In vitro: PIO was tested in a 3D cyst model for PKD (mIMCD3-Pkd1-/- cells) to evaluate its efficacy on reducing cyst swelling. In vivo: An inducible adult onset model for ADPKD (P18KspPkd1del mice) was used. Following Pkd1 inactivation by tamoxifen on postnatal day 18/19, mice (n = 20 males per group) were fed with food pellets containing 0.1% TVP and/or 0.1875% PIO. Mice were treated until 50% of the untreated group had renal failure (blood urea levels > 20 mmol/l).


PIO was effective in reducing cyst swelling in vitro. TVP was able to improve renal survival in mice (86% vs. 41% in the untreated group, p<0.01) and reduced 2KW/BW% by 2-fold (p<0.001). Plasma adiponectin, a surrogate drug marker for PIO treatment, was higher in PIO-treated mice, to a similar extent as in humans after PIO treatment. However, PIO had no effect on renal survival and on downstream PPARγ signalling in the kidney.
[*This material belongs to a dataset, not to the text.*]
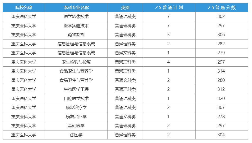 重庆医科大学2025年招生计划低于10人的14个专业,像普通理科类医学影像技术专业仅招7人,录取分数线302分;生物医学工程专业则仅招收2人 。这类小计划招生专业,报考人数与竞争格局独特,分数线受报考热度、考生质量影响大。

Also, Pparg gene and PPARγ protein expression was very low in wildtype, cystic and PIO-treated kidneys.


TVP improved renal survival and reduced cyst growth, confirming our model’s relevance to ADPKD. Despite in vitro efficacy and using a clinically relevant dose, PIO had no therapeutic benefit in vivo, possibly due to low expression of PPARγ in mouse kidneys. Further research on the expression levels of the Pparg gene and the PPARγ protein in relevant rat models and patients are ongoing.